You are given the definition of conditional probability:
\begin{equation}
P(A|B)= \frac{P(A,B)}{P(B)} \hbox{ where } P(B)>0
\end{equation}
Using the above definition, and using the fact that $P(A,B)=P(B,A)$ (i.e., the probability of $A$ and $B$ both occurring is the same as the probability of $B$ and $A$ both occurring),
derive an expression for $P(B|A)$. Show the steps clearly in the derivation.
### Conjugate forms 1 {#exr:BDAexercisesConj1 .unlisted}
- Computing the general form of a PDF for a posterior
Suppose you are given data $k$ consisting of the number of successes, coming from a $\mathit{Binomial}(n,\theta)$ distribution.
Given $k$ successes in n trials coming from a binomial distribution, we define a $\mathit{Beta}(a,b)$ prior on the parameter $\theta$.
Write down the Beta distribution that represents the posterior, in terms of $a,b, n,$ and $k$.
- Practical application
We ask 10 yes/no questions from a subject, and the subject returns 0 correct answers. We assume a binomial likelihood function for these data. Also assume a $\mathit{Beta}(1,1)$ prior on the parameter $\theta$, which represents the probability of success. Use the result you derived above to write down the posterior distribution of the $\theta$ parameter.
### Conjugate forms 2 {#exr:BDAexercisesConj2 .unlisted}
Suppose that we perform $n$ independent trials until we get a success (e.g., a heads in a coin toss). For repeated coin tosses, observing T,T, H would correspond to a score of $n=3$. The probability of success in each trial is $\theta$. Then, the Geometric random variable, call it $X$, gives us the probability of getting a success in $n$ trials as follows:
\begin{equation}
Prob(X=n)=\theta(1-\theta)^{ n-1}
\end{equation}
where $n=1,2,\dots$.
Let the prior on $\theta$ be $\mathit{Beta}(a,b)$, a beta distribution with parameters $a$,$b$.
The posterior distribution is a beta distribution with parameters $a^*$ and $b^*$. Determine these parameters in terms of $a$, $b$, and $n$.
### Conjugate forms 3 {#exr:BDAexercisesConj3 .unlisted}
Suppose that we have $n$ data points, $x_1,\dots,x_n$, drawn independently from an exponential distribution with parameter $\lambda$. The parameter of interest here (what we want to learn about from the data) is $\lambda$.

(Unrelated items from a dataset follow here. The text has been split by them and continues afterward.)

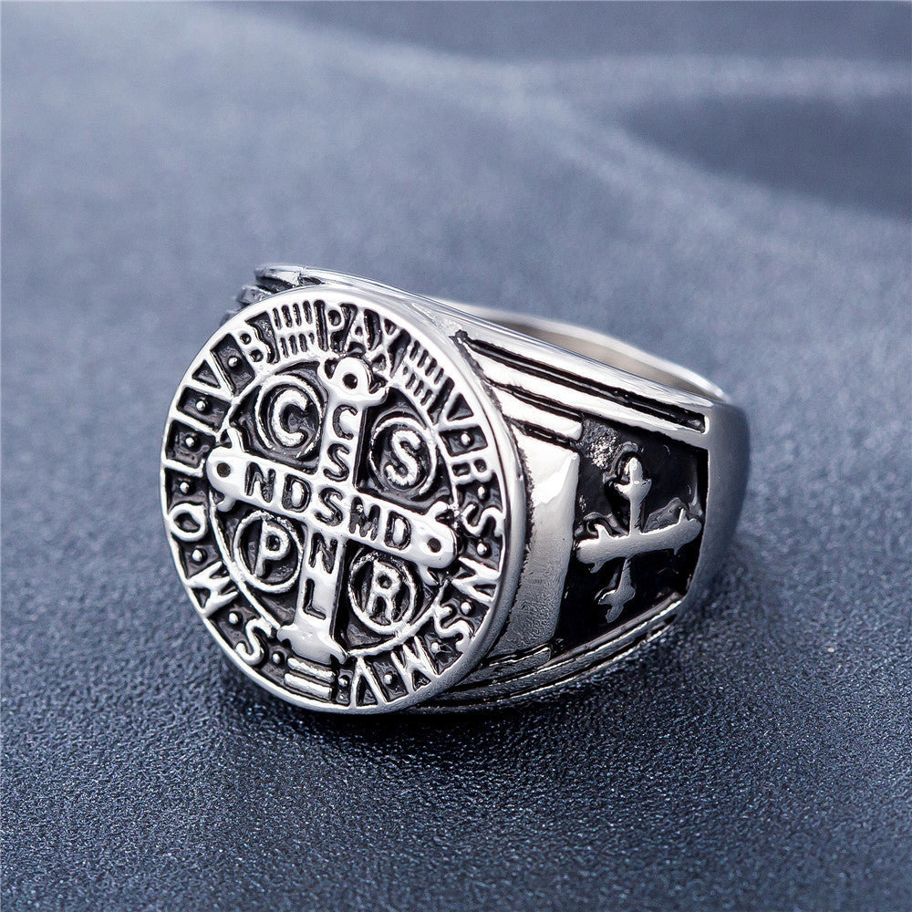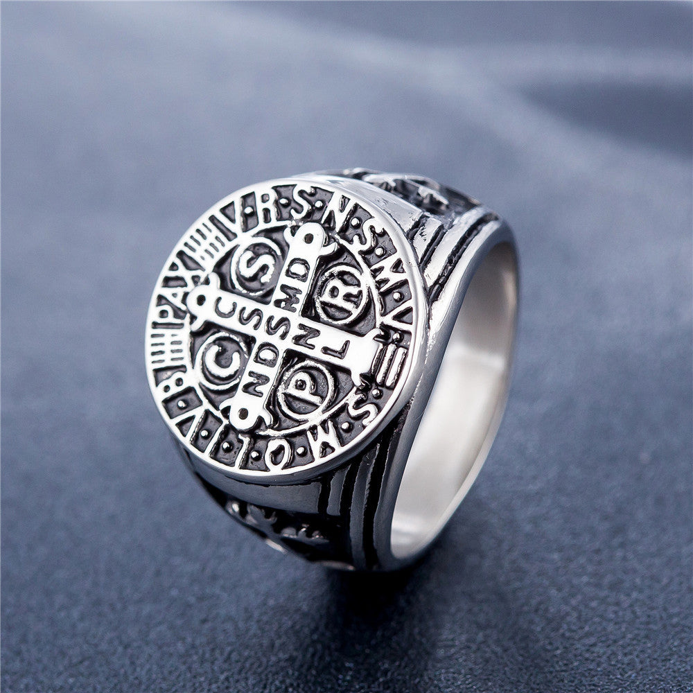 Greek Cross Flory Round Titanium Steel Ring for Men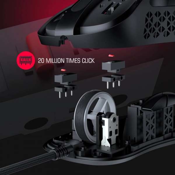 A PMW3360 szenzor pontos mozgáskövetést nyújt akár 12 000 DPI felbontással, így könnyedén válthatsz a gyors suhintások és a finom célzás között. A Kailh mikrokapcsolók éles, megbízható kattintásokat garantálnak hosszú élettartammal. A stílusos görgő „orosz kerék” dizájnja biztos és kényelmes görgetést nyújt. A világítás 3 üzemmódot kínál intenzitás és effektek terén a megjelenés személyre szabásához.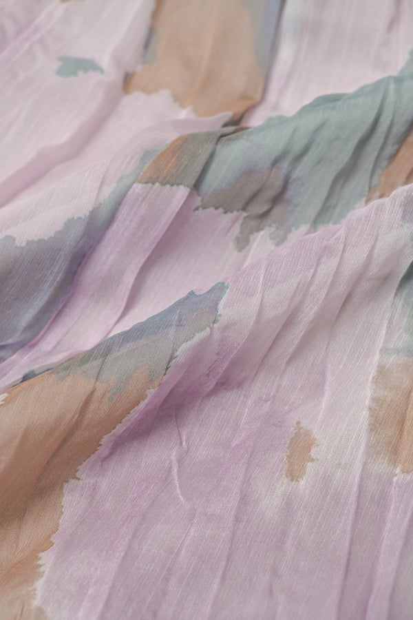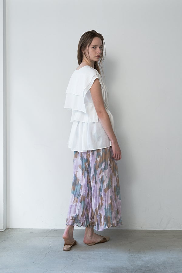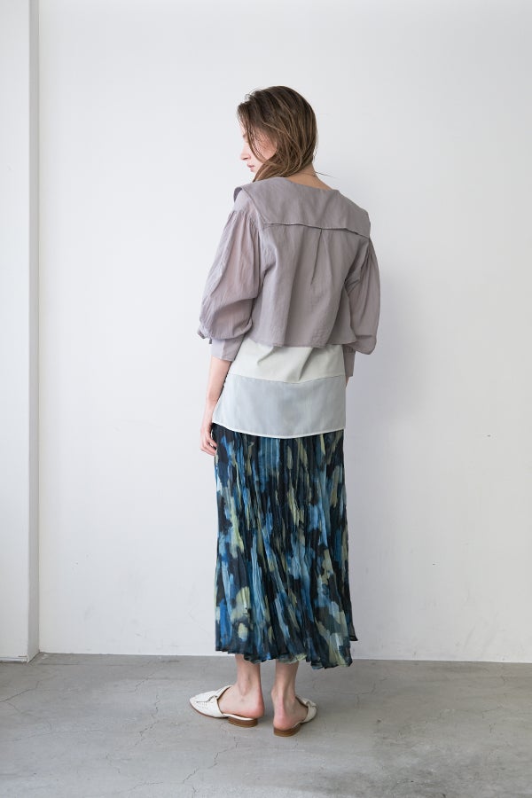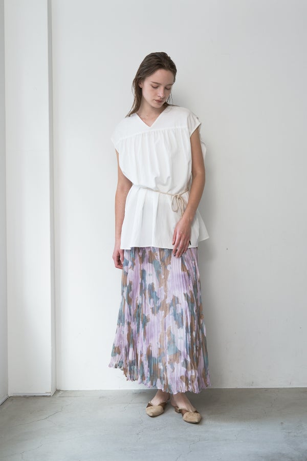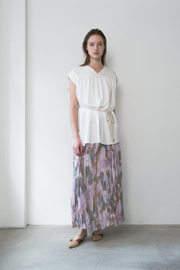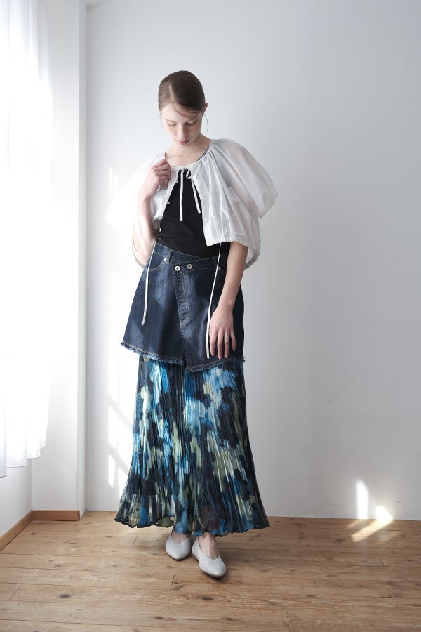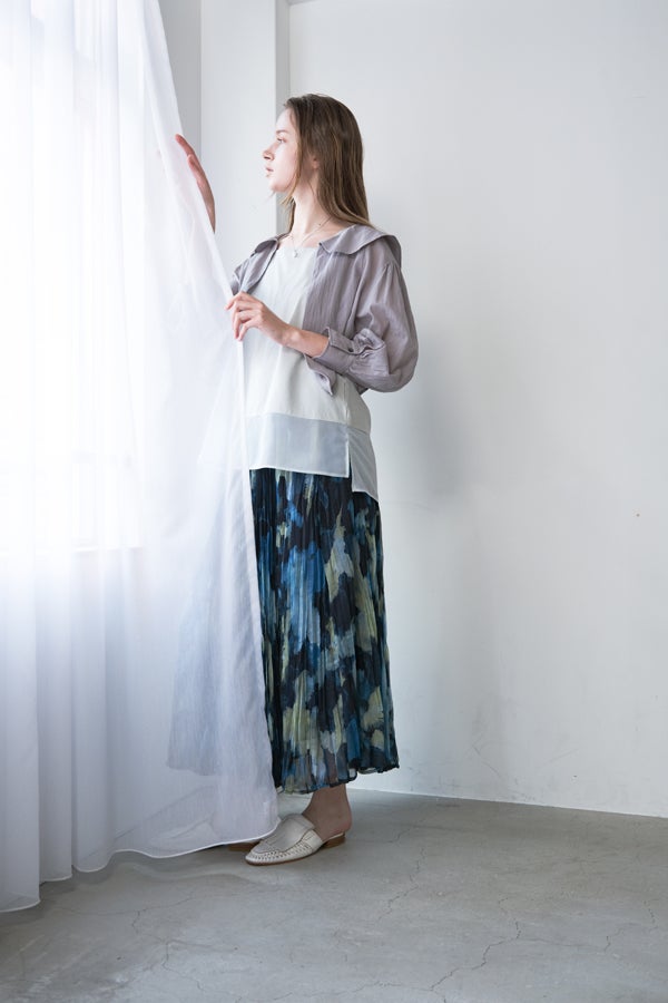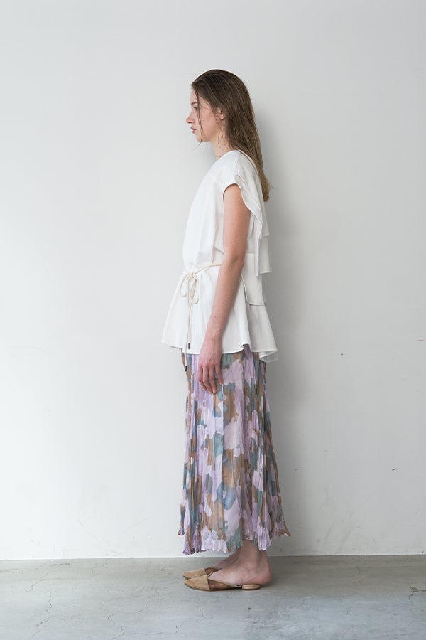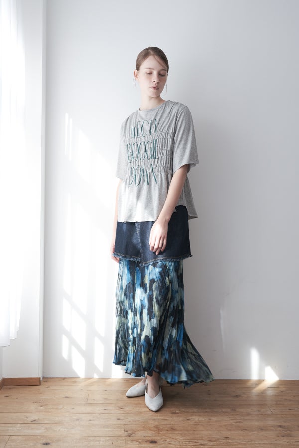 揺れを纏う、ランダムプリーツスカート。 オリジナルプリントにランダムプリーツを重ねた、上品なフレアシルエットの一枚。軽やかに広がる柔らかな素材が、歩くたびにニュアンスのある揺れを生み、女性らしい余韻を引き寄せます。 配色裏地がさりげない奥行きをつくり、ウエストは総ゴムでリラクシーかつフィット感のある着用感も魅力。 デイリーからセレモニーまで幅広く活躍。 シンプルなトップスを合わせるだけで洗練されたスタイリングに。軽やかさと華やかさを兼ね備えたこのスカートは、バレエシューズで上品に、ブーツでモードにと、足元次第で雰囲気を変えて楽しめます。 ●スカート丈違いの2サイズ展開 ●オリジナルプリント ●加工の特性上、1枚1枚の色差や仕上がりにバラつきが見られる場合があります。他の製品では味わえない良さをお楽しみ下さい。

The \index{Exponential likelihood} exponential likelihood function is:
\begin{equation}
p(x_1,\dots,x_n | \lambda)=\lambda^n \exp (-\lambda \sum_{i=1}^n x_i )
\end{equation}
Starting with a Gamma prior distribution for $\lambda$ (see below), show that the posterior distribution for $\lambda$ is also a Gamma distribution. Provide formulas giving the posterior parameters $a^*, b^*$ in terms of the prior parameters $a, b$ and the data. Use the following facts about Gamma distributions.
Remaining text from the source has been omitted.